43" around now...bigger than the girls due this month...and her hind end is looser...and she has a pretty good udder goin'... about the possibility of a fence breeding....hmmm


----------



## Aplyn (Feb 10, 2014)

Enjoyed looking at these photo's, she looks soooo content & happy hlala:


----------



## hallsthirdacrefarm (Mar 30, 2011)

So the one thats not due until march...had discharge...lol. something tells me we had a sneaky ctafty buck who found a way to match his will

Sent from my SPH-L720 using Goat Forum mobile app


----------



## hallsthirdacrefarm (Mar 30, 2011)

What worries me is she is HUGE. I'm hoping she's looking ready because she is ready and was "fence bred" prior to when we put her in with the buck. I'm hoping she's NOT about ready to have them premature 

We brought the buck over from his offsite farm on 9/20 and by 9/22 ALL three does were in heat. We decided to breed only 2 that week as we have 2 kidding stalls. The fence between the kidding pen (where we had the buck) has a cattle panel and then 2" away garden fencing with 2"x4" openings. I've never seen a buck fence breed a doe, but I've heard it can happen and she WAS flagging the fence... We weren't too worried as it's not like breeding all 3 would spell disaster or anything...but then on 10/23 she REALLY stood for the buck...so, since she hadn't been in with him in September AND stood well for him 10/23...I penciled in her march kidding dates. Now her udder is full, her ligs have gone from hard pencil to taunt rubber band, she has dropped and hollowed and is loosing her plug with some clear discharge starting. For her this usually means we are about a week away... so I'm excited...then worried... lol. Guess there's no point in worrying about it since there's nothing we can do other than help her when she goes into labor and hope they are full term kiddos. Goes to show having a due date doesn't always help


----------



## ksalvagno (Oct 6, 2009)

Hopefully things are fine and the buck just got her earlier than expected.


----------



## hallsthirdacrefarm (Mar 30, 2011)

Okay seriously this gal is getting ready...her tail is "crooked" (only happens when kidding...ligs are there but really REALLY deep. More goo this am.. and she's LOVEY...super lovey. But I did not put her with the buck until October 20.... she's not "due" till the 2nd week of march, so I'm worried. He could have fence bred her...I keep telling myself this...he was a cattle panel covered in 2"x4" garcen fence away. For my peace of mind...those of you who have had fence breedings...tell me this is common...tell me this is what's happening and she's not premature.... I need assurance..

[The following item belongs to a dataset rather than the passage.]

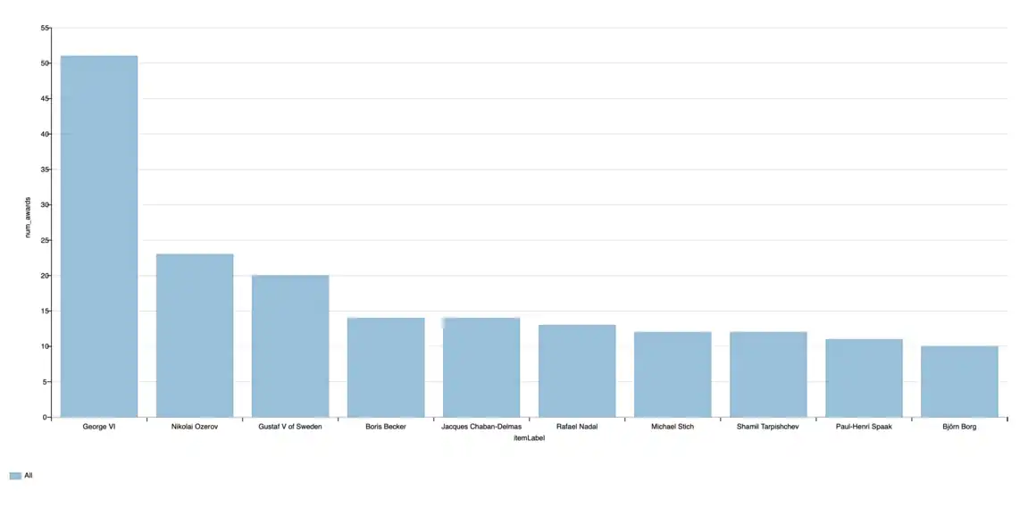 We will make use of SPARQL to Rank the number of awards received by the Top ten male tennis players using a Bar chart.In this query there are two properties occupation (P106) and P21 (sex or gender) with a matching data type or value of tennis player (Q10833314) respectively. We then make use of ?num_awards to also list the number of awards received along side the item label. We notice that the results are scattered and need to be arranged . We make use of the statement ORDER BY DESC(?num_awards),we also use the limit of 10 to limit the number of results listed because we only want to show the top ten male tennis players with the highest number of awards.

i'm ready for kids this week...just not hers!


----------



## ksalvagno (Oct 6, 2009)

Time will tell. Good luck. 

Fence breedings do happen.


----------



## hallsthirdacrefarm (Mar 30, 2011)

Opened the garden gate so the girls would walk around and exercise. Ruth is standing by herself and her ligs are mush...but no udder really...shes usually bagged up big and strutted at kidding...so im back to worried about the kids

Sent from my SPH-L720 using Goat Forum mobile app


----------



## sandhillfarm (Feb 25, 2013)

Guess it'll be little sleep! If I had to guess she may be good till march. Ligs can come and go. And goo could happen for a month. Best of luck!!


----------



## hallsthirdacrefarm (Mar 30, 2011)

Her ligs are completly gone this morning and she's nesting...doesn't want my husband to leave her side. Guess one way or another she's going to have them... She DID fill her udder up a lot more last night. I was concerned because the empty udder is not like her and can mean her body knows something's worng with the kids...but a full/filling udder is a good thing to see. Crossing my fingers & saying my prayers for full term, healthy kiddos!


----------



## gegegoatgirl2698 (Feb 1, 2014)

I hope everything goes okay! Maybe the buck was just sneaky


----------



## hallsthirdacrefarm (Mar 30, 2011)

She sure is posty...but her ligs are back. Shaved her udder tonight and its not looking ready..oh the doe code

Sent from my SPH-L720 using Goat Forum mobile app


----------



## hallsthirdacrefarm (Mar 30, 2011)

Still has ligs and she keeps getting bigger. I think she may hod out for her march due date. It seems like she loosened up so the babies could move south and relieve pressure on her organs...then things tightened up again. Funny what u notice when u spend a lot of time out there

Sent from my SPH-L720 using Goat Forum mobile app


----------



## ksalvagno (Oct 6, 2009)

I bet everything will be fine.


----------



## hallsthirdacrefarm (Mar 30, 2011)

She is now 45 1/4 inches around...wowza? Am I the only one who measures my goats? lol. I'm starting to think triplets... She's now not due until 3/11! Poor girl's skin is so tight it's like a drum. She begs for rub downs because everywhere is uncomfortable...


----------



## hallsthirdacrefarm (Mar 30, 2011)

Big mamma has a beardcycle....lol

Sent from my SPH-L720 using Goat Forum mobile app


----------



## hallsthirdacrefarm (Mar 30, 2011)

Oops...pic didnt go

Sent from my SPH-L720 using Goat Forum mobile app


----------



## Niginewbie (Oct 28, 2013)

Love the beard! You inspired me to measure my goat. My girl is due today and measured 41 1/4".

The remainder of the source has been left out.